__ACTION ITEM__
All of the data below should be set down again verbatim, without any images.

__DATA__
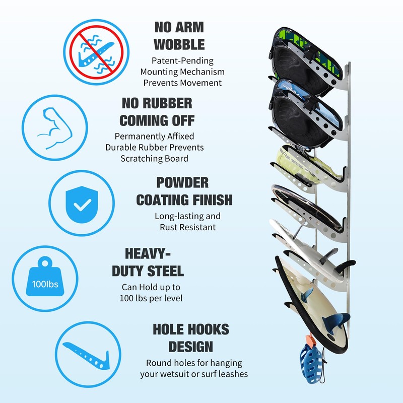 - 6 BOARDS STORAGE RACK - This adjustable surfboard wall rack is designed to hold 6 boards, making it ideal for storing surfboards, wakeboards, snowboards, kneeboards and longboards. It's perfect for organizing your gear in a nice way
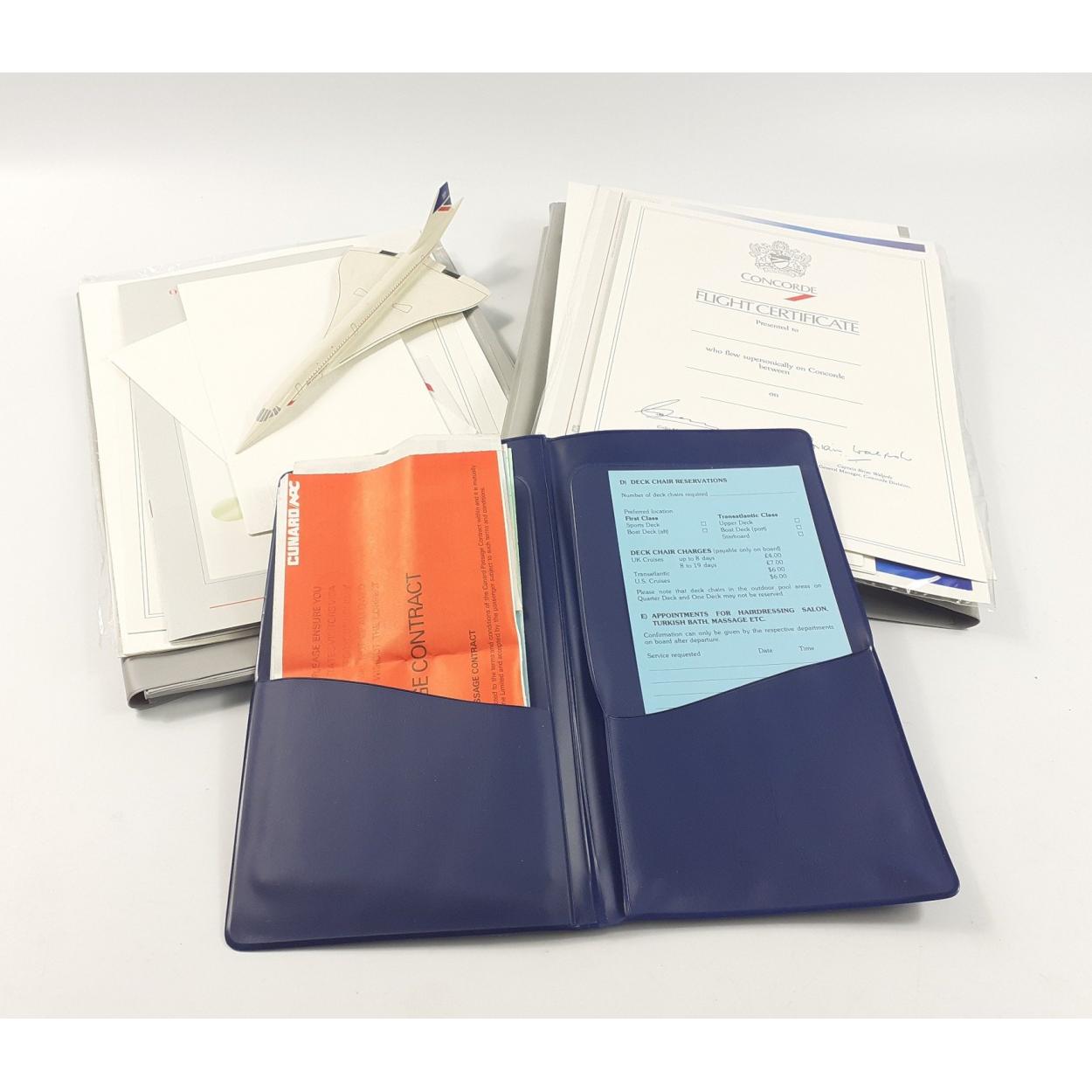 Dreams of yesteryear - memorabilia commemorating 10 years of the BRITISH AIRWAYS CONCORDE (1976-86) in 2 grey plastic wallets including stationery, blank certificates of flight and 1 pair of BA flight socks as well as a model of the aircraft (25cm long), also tickets from a first class trip from Southampton to New York in 1986 on the QE2 along with an unused form to order wine, flowers and canapes on departure and also to book a deckchair on one's preferred deck (no towels at dawn here)
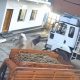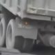 The truck is missing a wheel, but it is still moving
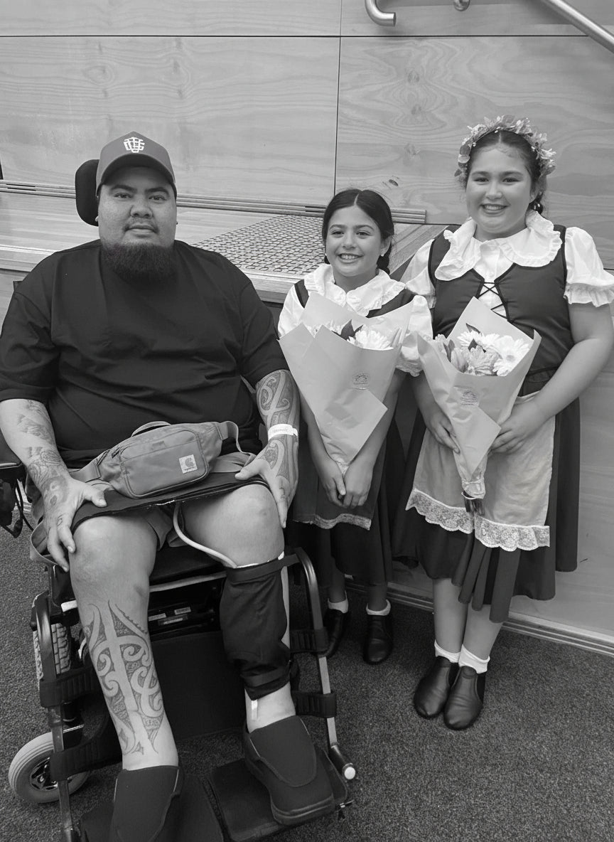 In 2019, my life changed when I was diagnosed with cancer. After years of treatment and rebuilding, I continued to push forward. In early 2025 the cancer spread to my spine and after multiple spinal surgeries, I am now paralysed from the chest down. It has been the biggest challenge of my life, but giving up was never an option. My motivation has always been my whānau, my culture and creating a future with meaning for myself and my beautiful girls.
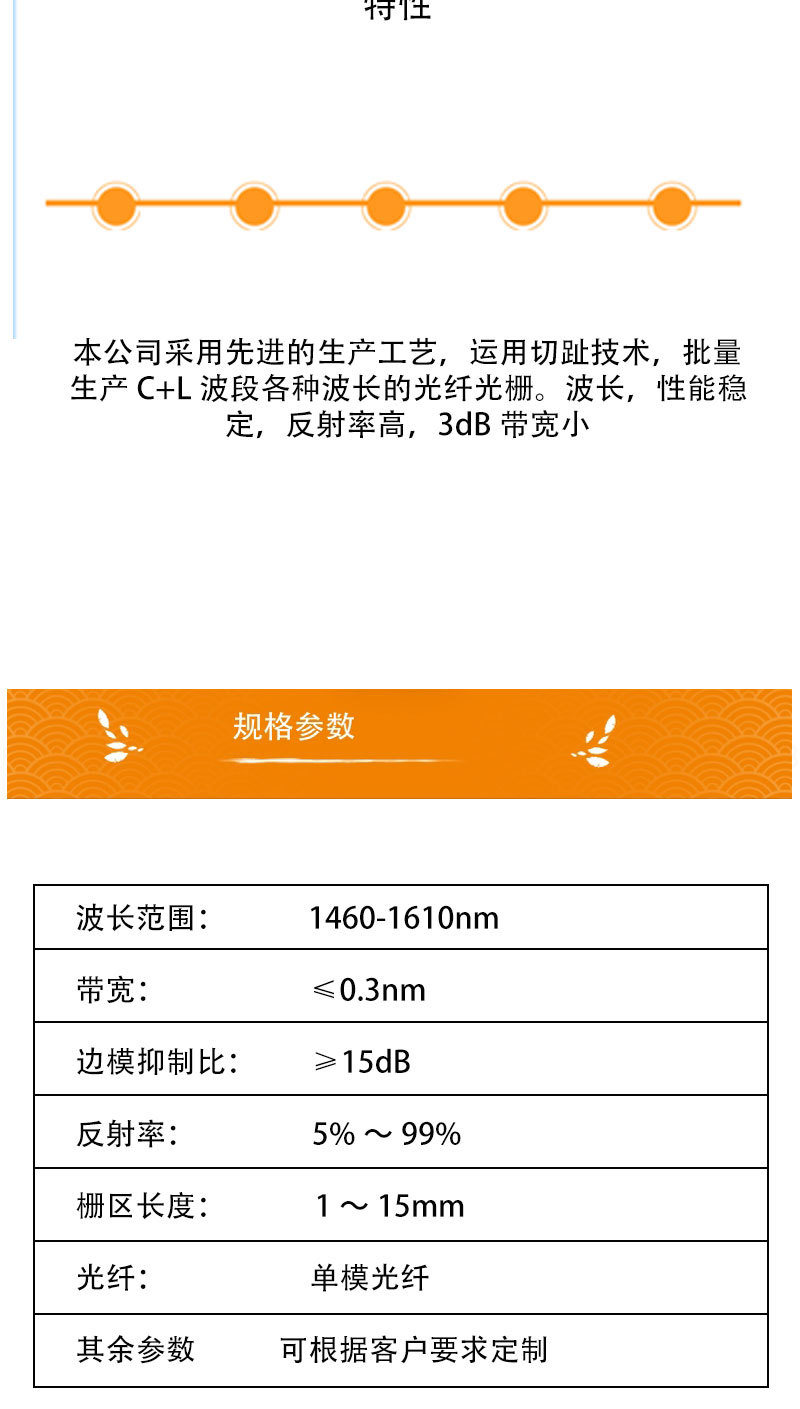 Геограническая оптоэлектронная оптоволоконная решетка с вырезанным носком FBG Двойной разъем Прага Волоконно-оптическая решетка Технические характеристики Параметры на выбор
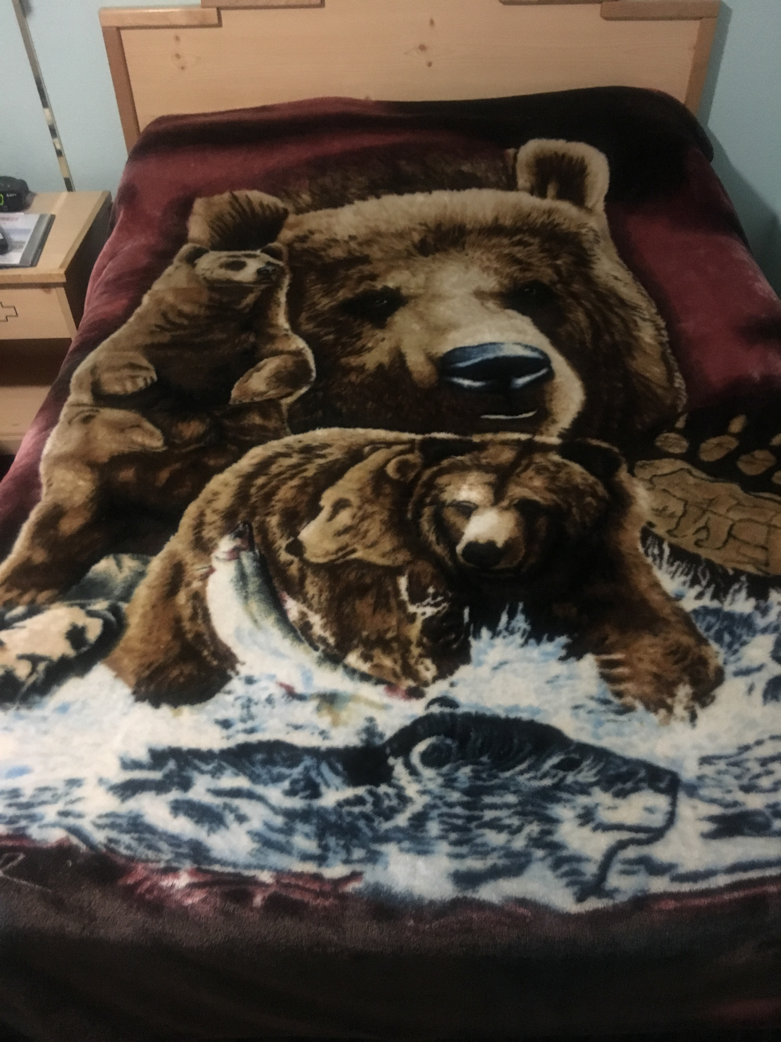 The bedspread was probably my favorite part, although everything else in the room was similarly bear-themed (the artwork, the phone, the floor mat, soap holder, shower curtain, towel bar, etc.). Impressive.
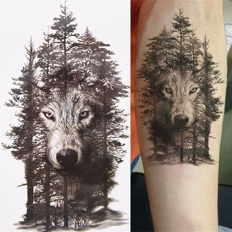 Водостойкие Временная Сексуальная Татуировка на бедрах черного и крупного леса волка для мужчин и женщин, фотовспышки для мужчин и женщин размером 15*21 см
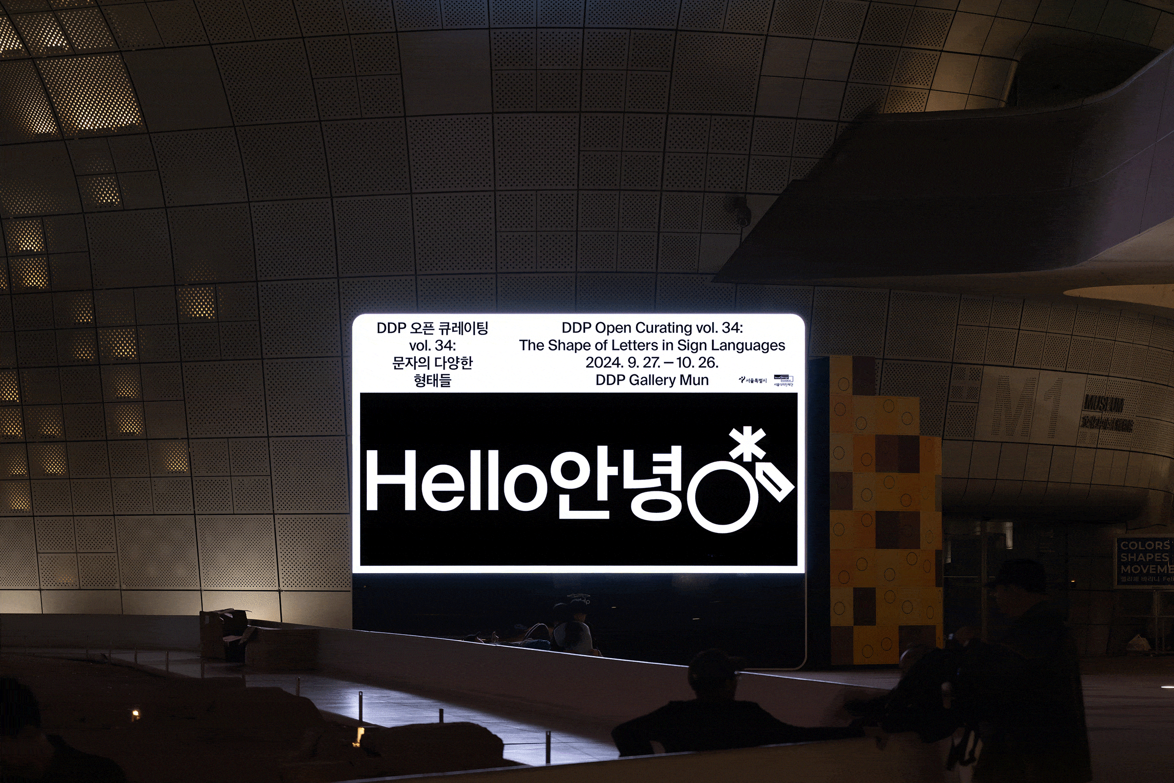 Selected for the Seoul Design Foundation’s DDP Open Curating program and hosted by Gallery MUN at DDP (Dongdaemun Design Plaza), the exhibition presented research into sign language as a new typographic element. The exhibits are based on typography methods that use layout, color, proportion, and movement within a set system. We created the visual identity, translating manual gestures into graphic motifs.
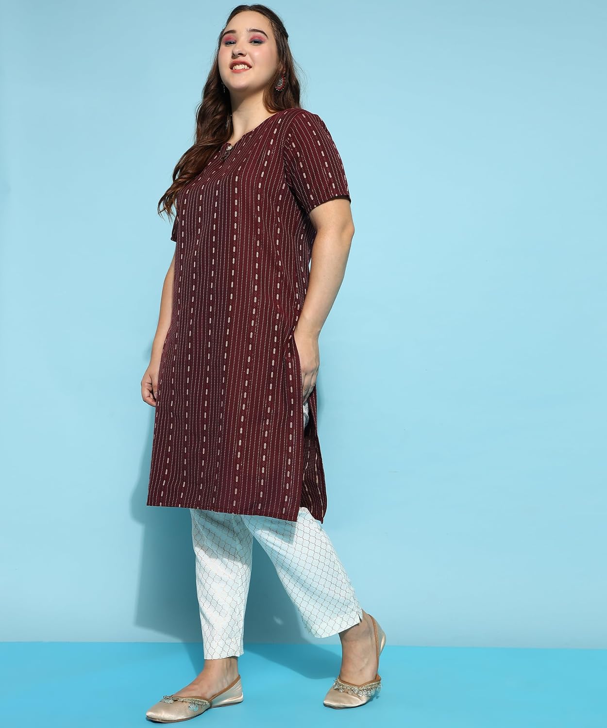 These lovely and chic kurti features a cotton fabric with prominent dobby design. The straight cut gives it a contemporary twist and makes it look more youthful. This is an ideal party wear for festivals.
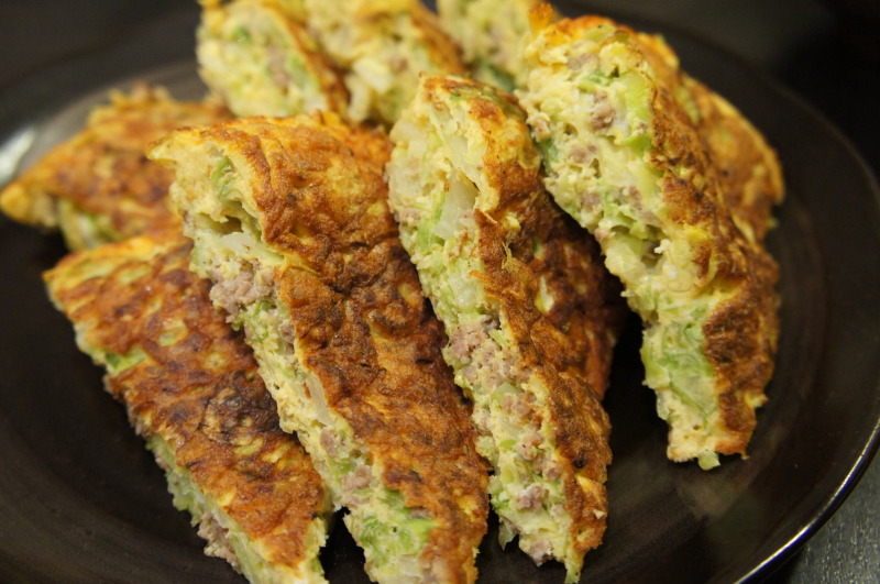 キャベツの千切りと挽き肉のオープンオムレツ、
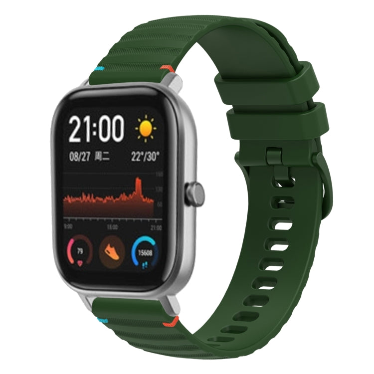 Correa de Silicona para Reloj Amazfit GTS 20mm con Puntadas Onduladas y Puntos (Verde Militar)
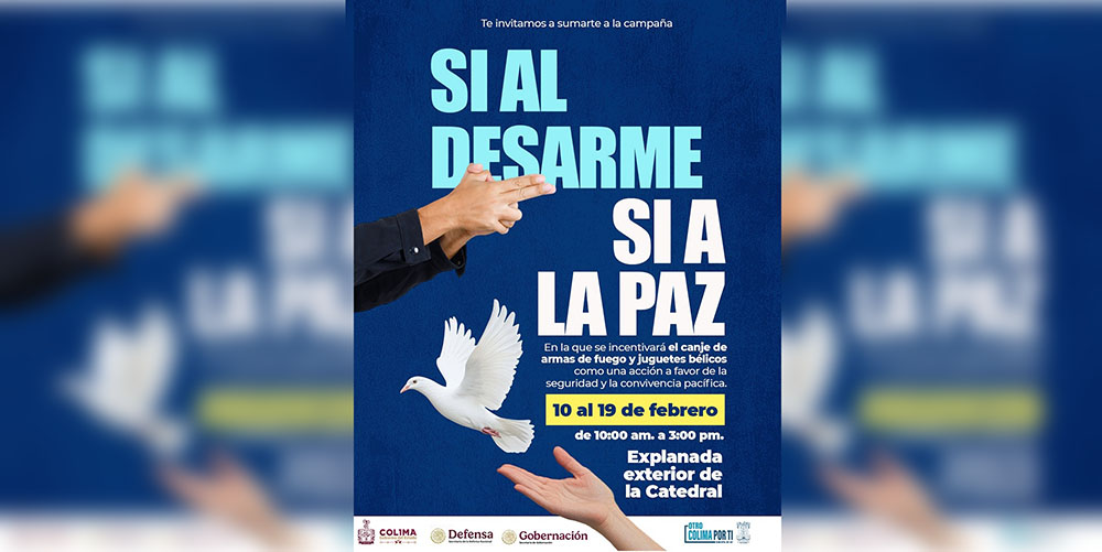 A través de este programa, donde participan el Gobierno Federal, a través de la delegación de la Secretaría de Gobernación y la Secretaría de la Defensa Nacional, el Gobierno del Estado y el Ayuntamiento de Colima, realizarán una campaña de canje de armas y juguetes bélicos, en donde se invita a la ciudadanía a que acudan a entregar algún tipo de arma, donde podrán recibir un apoyo económico, en tanto que los menores, acompañados de sus padres o tutores, se acerquen a canjear sus juguetes bélicos, recibirán otro tipo de obsequios.
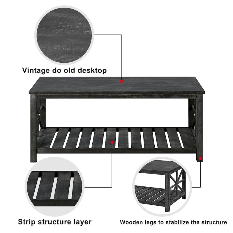 Bold Farmhouse Elegance: Designed with a rustic touch, this coffee table blends classic farmhouse elements with modern functionality. The open slatted lower shelf and X-frame sides create a timeless appeal that enhances any living space.
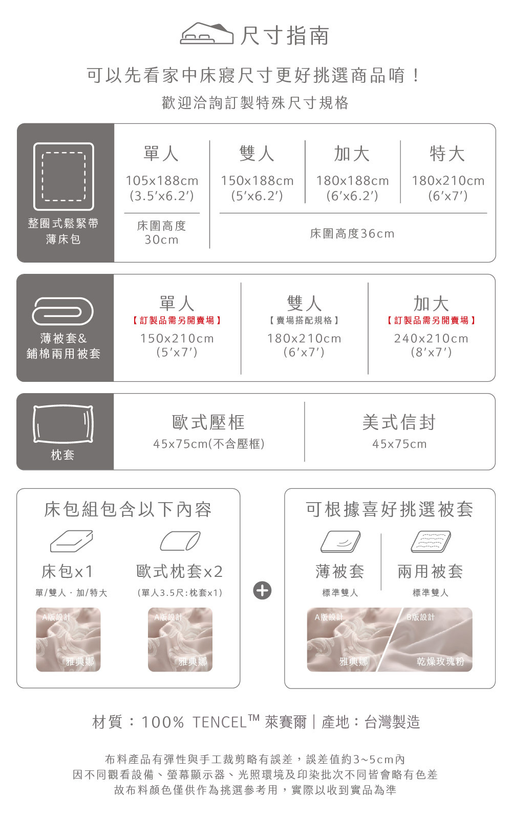 ✅ 淺色天絲寢具屬敏感色系,應避免與深色衣物(如牛仔褲)長時間摩擦接觸,以防移染。
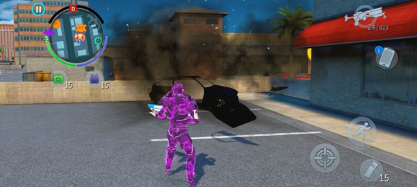 2、一共有2X2个恶棍会来搞你单纯依靠火力压制就能轻松消灭敌人,如果你的装备不行也可以像图56那样,直接开车去撞,虽然拿不到三星但是过关很轻松。

__ANSWER SECTION__
 - 6 BOARDS STORAGE RACK - This adjustable surfboard wall rack is designed to hold 6 boards, making it ideal for storing surfboards, wakeboards, snowboards, kneeboards and longboards. It's perfect for organizing your gear in a nice way
 Dreams of yesteryear - memorabilia commemorating 10 years of the BRITISH AIRWAYS CONCORDE (1976-86) in 2 grey plastic wallets including stationery, blank certificates of flight and 1 pair of BA flight socks as well as a model of the aircraft (25cm long), also tickets from a first class trip from Southampton to New York in 1986 on the QE2 along with an unused form to order wine, flowers and canapes on departure and also to book a deckchair on one's preferred deck (no towels at dawn here)
 The truck is missing a wheel, but it is still moving
 In 2019, my life changed when I was diagnosed with cancer. After years of treatment and rebuilding, I continued to push forward. In early 2025 the cancer spread to my spine and after multiple spinal surgeries, I am now paralysed from the chest down. It has been the biggest challenge of my life, but giving up was never an option. My motivation has always been my whānau, my culture and creating a future with meaning for myself and my beautiful girls.
 Геограническая оптоэлектронная оптоволоконная решетка с вырезанным носком FBG Двойной разъем Прага Волоконно-оптическая решетка Технические характеристики Параметры на выбор
 The bedspread was probably my favorite part, although everything else in the room was similarly bear-themed (the artwork, the phone, the floor mat, soap holder, shower curtain, towel bar, etc.). Impressive.
 Водостойкие Временная Сексуальная Татуировка на бедрах черного и крупного леса волка для мужчин и женщин, фотовспышки для мужчин и женщин размером 15*21 см
 Selected for the Seoul Design Foundation’s DDP Open Curating program and hosted by Gallery MUN at DDP (Dongdaemun Design Plaza), the exhibition presented research into sign language as a new typographic element. The exhibits are based on typography methods that use layout, color, proportion, and movement within a set system. We created the visual identity, translating manual gestures into graphic motifs.
 These lovely and chic kurti features a cotton fabric with prominent dobby design. The straight cut gives it a contemporary twist and makes it look more youthful. This is an ideal party wear for festivals.
 キャベツの千切りと挽き肉のオープンオムレツ、
 Correa de Silicona para Reloj Amazfit GTS 20mm con Puntadas Onduladas y Puntos (Verde Militar)
 A través de este programa, donde participan el Gobierno Federal, a través de la delegación de la Secretaría de Gobernación y la Secretaría de la Defensa Nacional, el Gobierno del Estado y el Ayuntamiento de Colima, realizarán una campaña de canje de armas y juguetes bélicos, en donde se invita a la ciudadanía a que acudan a entregar algún tipo de arma, donde podrán recibir un apoyo económico, en tanto que los menores, acompañados de sus padres o tutores, se acerquen a canjear sus juguetes bélicos, recibirán otro tipo de obsequios.
 Bold Farmhouse Elegance: Designed with a rustic touch, this coffee table blends classic farmhouse elements with modern functionality. The open slatted lower shelf and X-frame sides create a timeless appeal that enhances any living space.
 ✅ 淺色天絲寢具屬敏感色系,應避免與深色衣物(如牛仔褲)長時間摩擦接觸,以防移染。
 2、一共有2X2个恶棍会来搞你单纯依靠火力压制就能轻松消灭敌人,如果你的装备不行也可以像图56那样,直接开车去撞,虽然拿不到三星但是过关很轻松。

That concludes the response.